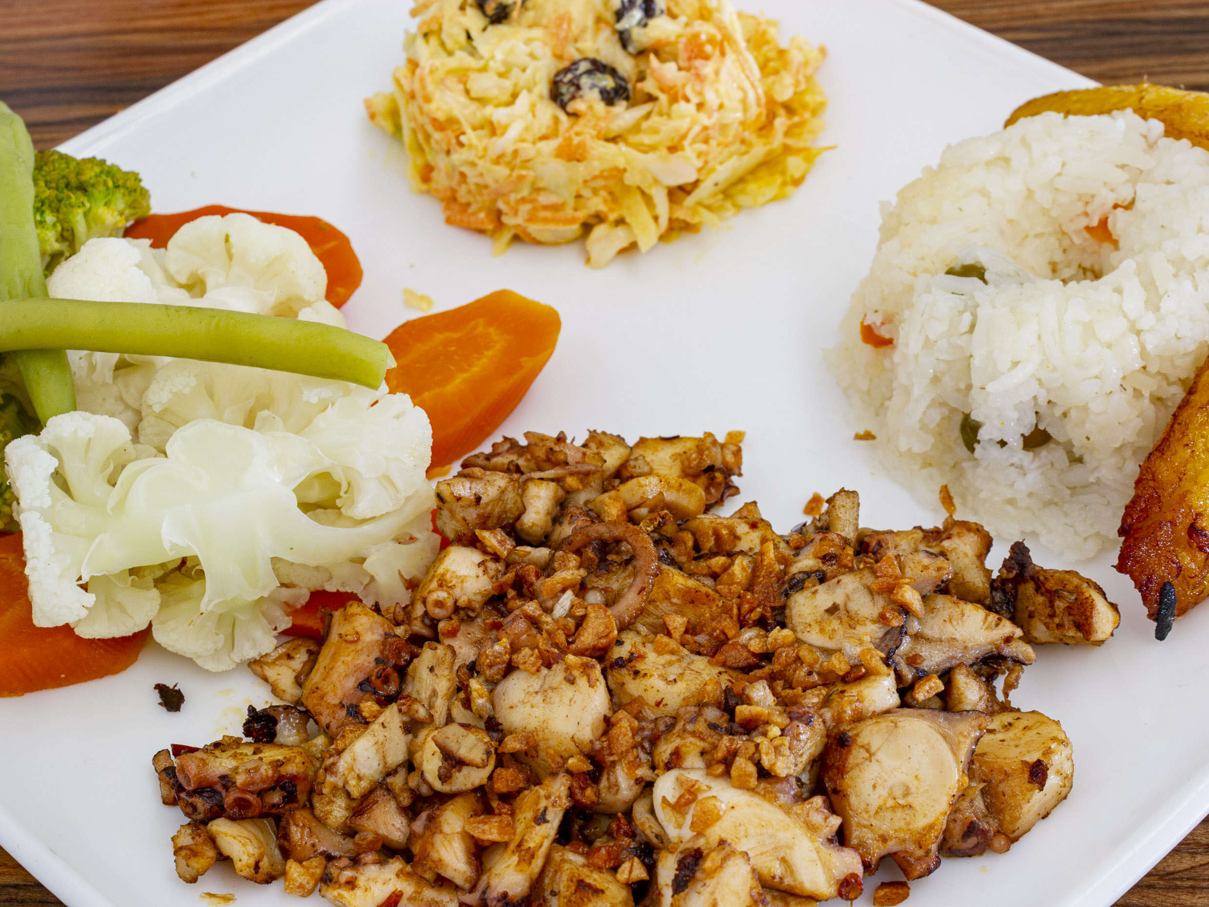 pulpo al mojo de ajo acompañado de arroz con platano, ensalada dulce y ensalada verde
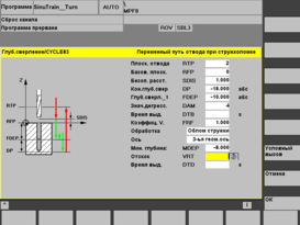 Оператор в процессе программирования выбирает требуемый по чертежу вариант из “меню” и вводит с пульта УЧПУ необходимые данные в предлагаемой последовательности. Введённые данные (графики, буквенно-цифровая информация) тут же высвечиваются на экране дисплея и, при необходимости, редактируются.
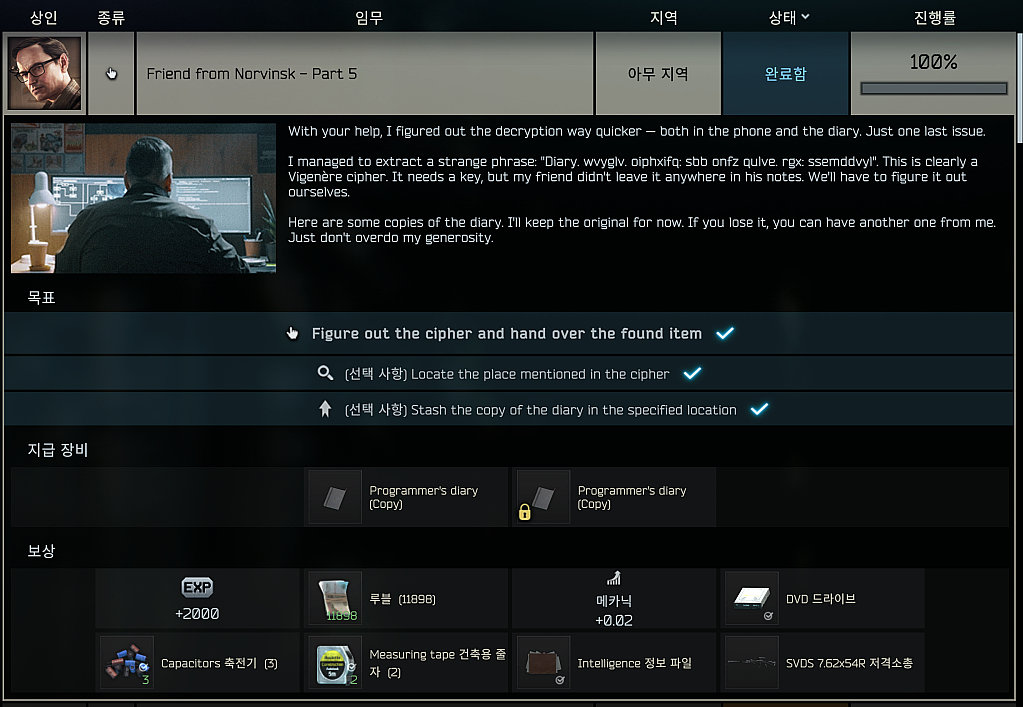 타르코프 퀘스트 - Friend from Norvinsk - Part 5 본문
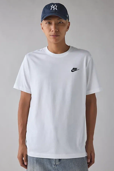 Classic Club Tee from Nike, cut from premium cotton for a comfortable wear. Cotton is cut in a standard fit with short sleeves, ribbed crew neck and embroidered logo at the chest. Essential tee to pair with shorts for workouts or casual everyday wear. Features Nike Sportswear Club tee Logo icon t-shirt from Nike Ribbed crew neck Premium cotton jersey Logo icon at the chest Short sleeve Regular fit Content + Care 100% Cotton Machine wash Imported Size + Fit Model in White is 6'0" and wearing size Large Measurements taken from size Large Chest: 20" Length: 28" Nike Sportswear Club Tee in White, Men's at Urban Outfitters
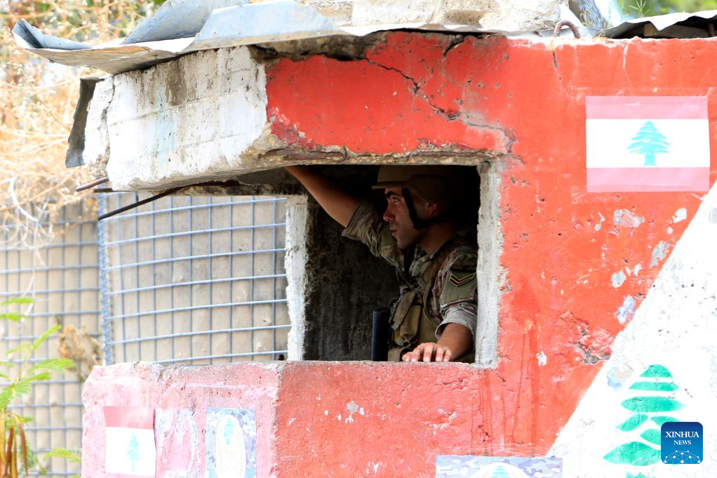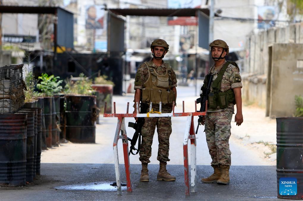 Lebanese soldiers are on duty on the border of the Ain Al-Helweh camp in south Lebanon, July 31, 2023. (Photo by Ali Hashisho/Xinhua)
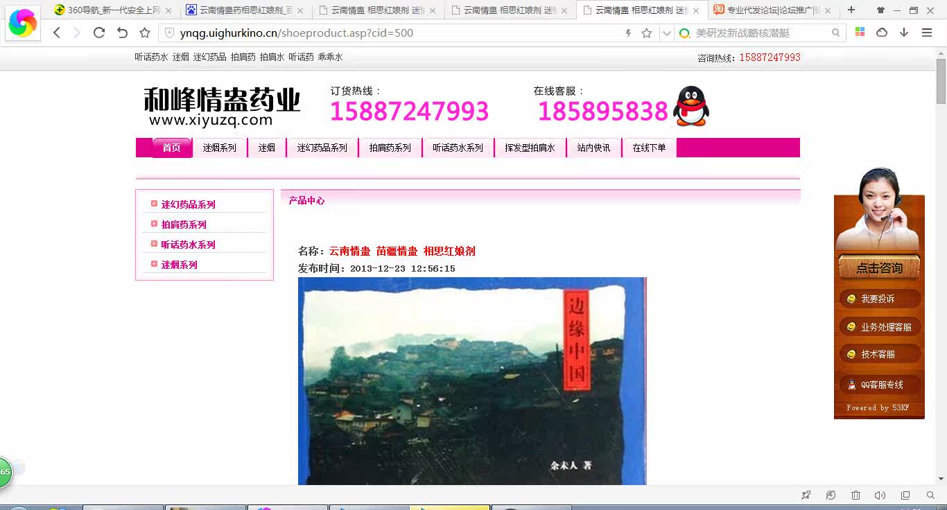 天津的邓华强今年已经五十多岁,,随着年龄大了渐渐感到力不从心,老婆不满意经常吵架闹离婚,老邓苦恼不已,看到云南情蛊药相思红娘剂广告,虽然不太相信,可还是抱着“死马当活马医”的心理买来给妻子使用,很快妻子就变了,对老邓体贴有加并且通情达理再也不闹离婚了。夫妻俩逢人就讲云南情蛊药相思粉的好处,于是很多夫妻不和的人就委托老邓购买,老邓就索性做起了代理,随着越来越多的人互相口传,,,,
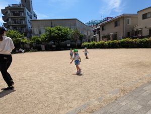 公園に到着❕❕ 水分補給とおやつタイムを済ませると・・・遊具に向かって一直線に走っていきました💦
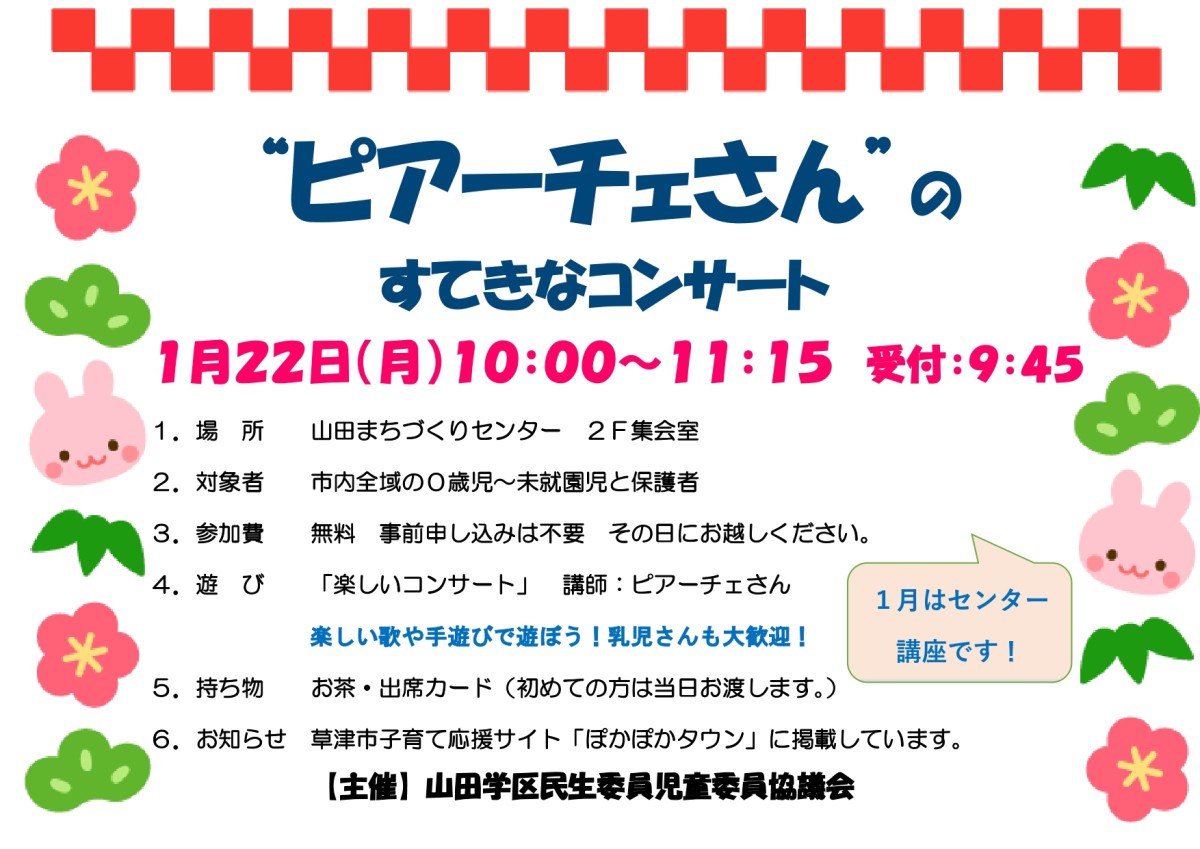 1月のすくすくランドは「ピアーチェさんのすてきなコンサート」です![]()
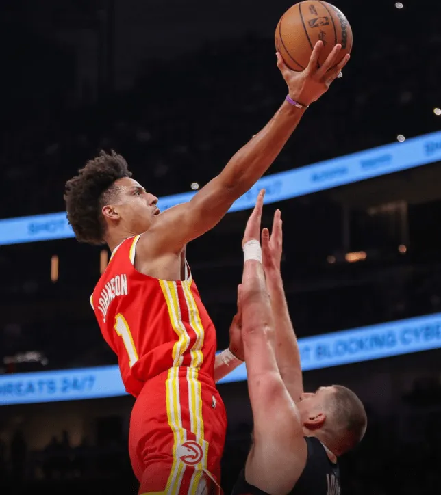 ESPN分享数据:杰伦-约翰逊上半场砍下三双,成为自97年有详细数据统计以来,第六位上半场砍下三双的球员。
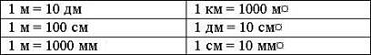 К концу третьего года обучения учащиеся познакомятся со всеми единицами длины, или линейными мерами, и с их соотношениями. Эталоны линейных мер 1 мм, 1 см, 1 дм, 1 м и таблица их соотношений должны постоянно быть в классе.
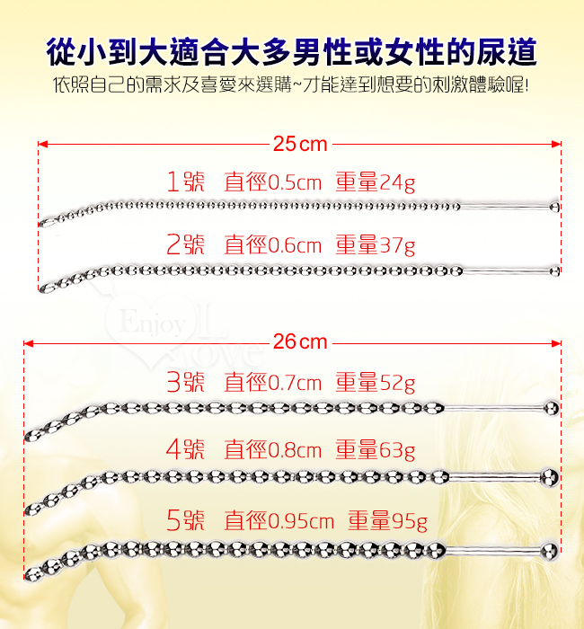 另類玩虐刺激 ‧ 不銹鋼尿道馬眼連珠彎弧 擴張入侵長棒 - 2號﹝直徑0.6公分/全長25公分﹞
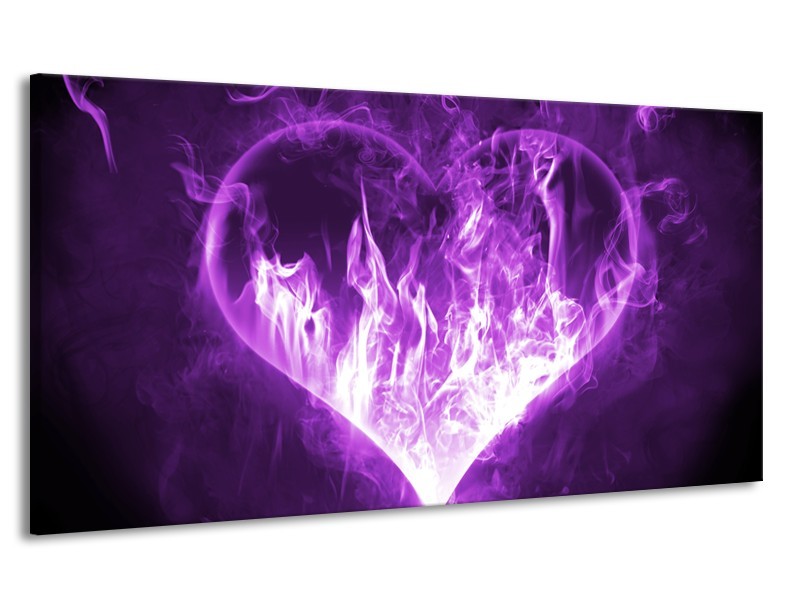 Canvas Schilderij Hart, Vuur | Paars, Wit | 170x90cm 1Luik
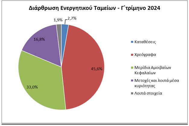 Η αξία των συνολικών τοποθετήσεων των Ταμείων σε χρεωστικούς τίτλους αυξήθηκε στα 1.108 εκατ. ευρώ στο τέλος του γ΄ τριμήνου του 2024, έναντι 1.063 εκατ. ευρώ το προηγούμενο τρίμηνο. Η εξέλιξη αυτή οφείλεται κυρίως σε καθαρές αγορές κυβερνητικών ομολόγων του εξωτερικού, οι οποίες αντισταθμίστηκαν εν μέρει από καθαρές πωλήσεις ελληνικών κυβερνητικών ομολόγων, καθώς και σε αύξηση των αποτιμήσεων του συνόλου των ομολόγων. Το ποσοστό των χρεωστικών τίτλων επί του συνολικού ενεργητικού αυξήθηκε στο 45,6% το γ΄ τρίμηνο, έναντι 45,3% το προηγούμενο τρίμηνο.
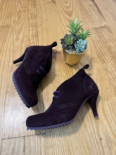 Pedro Garcia 38 (US 7.5) Maroon Suede Leather Lace Up Heel Ankle Boots Spain
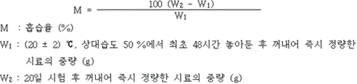 4. (20 ± 2) ℃, 50 % 상대습도에서 48시간 보존하고 다시 (20 ± 2) ℃, 80 % 상대습도에서 48시간 동안 보존하는 시험을 반복하여 20일간 시험하는 경우 아래의 수식으로 계산한 흡습율이 중탄산나트륨이 주성분인 것은 0.2 wt %, 중탄산칼륨이 주성분인 것은 2 wt %, 인산염류 등이 주성분인 것은 1.5 wt % 이하이어야 하며, 시험 후 시료는 유동성이 있고 고화되지 아니하여야 한다.
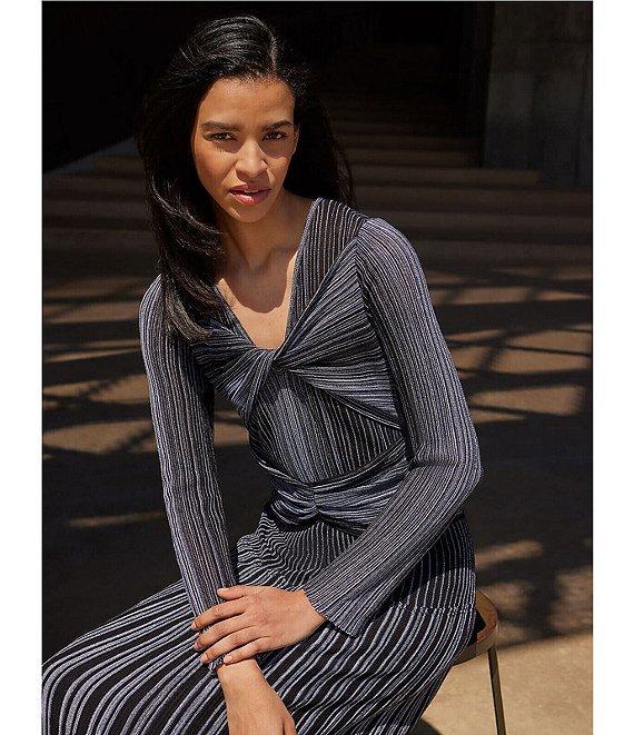 From MISOOK, this dress features: Lurex shimmer knit fabrication Fit and flare silhouette V-neckline Long sleeves Twist front detail Straight hem Pullover construction Approx. 51" length Acrylic/polyester/nylon/metallic Lining: polyester/spandex Hand wash Imported.
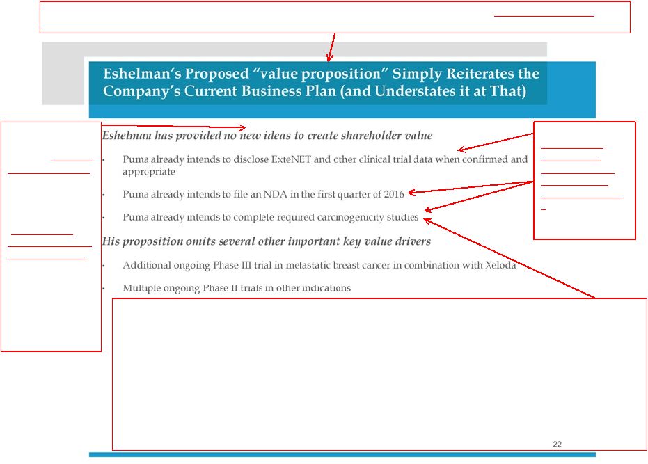 ![]() 1 Debunking Puma’s Claim To Be Developing Stockholder Value Management and Board unable to unlock stockholder value: Puma has a valuable asset that could generate significant value for stockholders if managed correctly. To date, Puma’s current Board and management team have failed to do so. Lack of strategic plan: Puma’s current Board does not appear to have an overall business plan to successfully bring Puma’s product to market. Stockholder hopes are pinned to an eventual acquisition. The nominees DO have a plan: We have outlined a full set of business initiatives in the areas of commercialization, marketing, sales and manufacturing – topics that the Company has never addressed publicly – as well as finance, business development and corporate governance. Puma’s current Board has been tested and failed: The current Board is not up to the task of generating acceptable value for stockholders from Puma’s asset. The four highly qualified and experienced nominees Dr. Eshelman
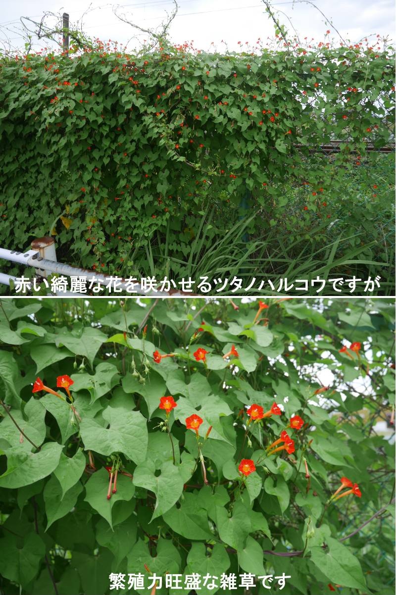 赤い小さな花が沢山あってとても綺麗ですが、繁殖力旺盛な雑草です。ツタノハルコウはヒルガオ科サツマイモ属のつる性一年生草の帰化植物です。葉形は変化が多く、夏から秋にかけて葉腋に花序を出し、直径3cmほどの五角形で朱色の花をつけます。花冠中央付近も赤く、果実は直径8mmほどで熟すると褐色になります。ツタノハルコウは中南米原産です。この植物は急速に広がり、再生力が強いため雑草として分類されています。資源を競合するため、庭の周囲の植物に悪影響を与え、成長を妨げたり、野菜作物の収量を減少させたりします。https://www.ji3.biz

◇ ◇ ◇ ◇ ◇ ◇ ◇

# TASK INSTRUCTIONS
Reproduce the records word for word, please, from their first line up to and including the line that contains "Canvas Schilderij Hart, Vuur", but no pictures.

# ANSWER FOR THIS EXERCISE
 pulpo al mojo de ajo acompañado de arroz con platano, ensalada dulce y ensalada verde
 Оператор в процессе программирования выбирает требуемый по чертежу вариант из “меню” и вводит с пульта УЧПУ необходимые данные в предлагаемой последовательности. Введённые данные (графики, буквенно-цифровая информация) тут же высвечиваются на экране дисплея и, при необходимости, редактируются.
 타르코프 퀘스트 - Friend from Norvinsk - Part 5 본문
 Classic Club Tee from Nike, cut from premium cotton for a comfortable wear. Cotton is cut in a standard fit with short sleeves, ribbed crew neck and embroidered logo at the chest. Essential tee to pair with shorts for workouts or casual everyday wear. Features Nike Sportswear Club tee Logo icon t-shirt from Nike Ribbed crew neck Premium cotton jersey Logo icon at the chest Short sleeve Regular fit Content + Care 100% Cotton Machine wash Imported Size + Fit Model in White is 6'0" and wearing size Large Measurements taken from size Large Chest: 20" Length: 28" Nike Sportswear Club Tee in White, Men's at Urban Outfitters
 Lebanese soldiers are on duty on the border of the Ain Al-Helweh camp in south Lebanon, July 31, 2023. (Photo by Ali Hashisho/Xinhua)
 天津的邓华强今年已经五十多岁,,随着年龄大了渐渐感到力不从心,老婆不满意经常吵架闹离婚,老邓苦恼不已,看到云南情蛊药相思红娘剂广告,虽然不太相信,可还是抱着“死马当活马医”的心理买来给妻子使用,很快妻子就变了,对老邓体贴有加并且通情达理再也不闹离婚了。夫妻俩逢人就讲云南情蛊药相思粉的好处,于是很多夫妻不和的人就委托老邓购买,老邓就索性做起了代理,随着越来越多的人互相口传,,,,
 公園に到着❕❕ 水分補給とおやつタイムを済ませると・・・遊具に向かって一直線に走っていきました💦
 1月のすくすくランドは「ピアーチェさんのすてきなコンサート」です![]()
 ESPN分享数据:杰伦-约翰逊上半场砍下三双,成为自97年有详细数据统计以来,第六位上半场砍下三双的球员。
 К концу третьего года обучения учащиеся познакомятся со всеми единицами длины, или линейными мерами, и с их соотношениями. Эталоны линейных мер 1 мм, 1 см, 1 дм, 1 м и таблица их соотношений должны постоянно быть в классе.
 另類玩虐刺激 ‧ 不銹鋼尿道馬眼連珠彎弧 擴張入侵長棒 - 2號﹝直徑0.6公分/全長25公分﹞
 Canvas Schilderij Hart, Vuur | Paars, Wit | 170x90cm 1Luik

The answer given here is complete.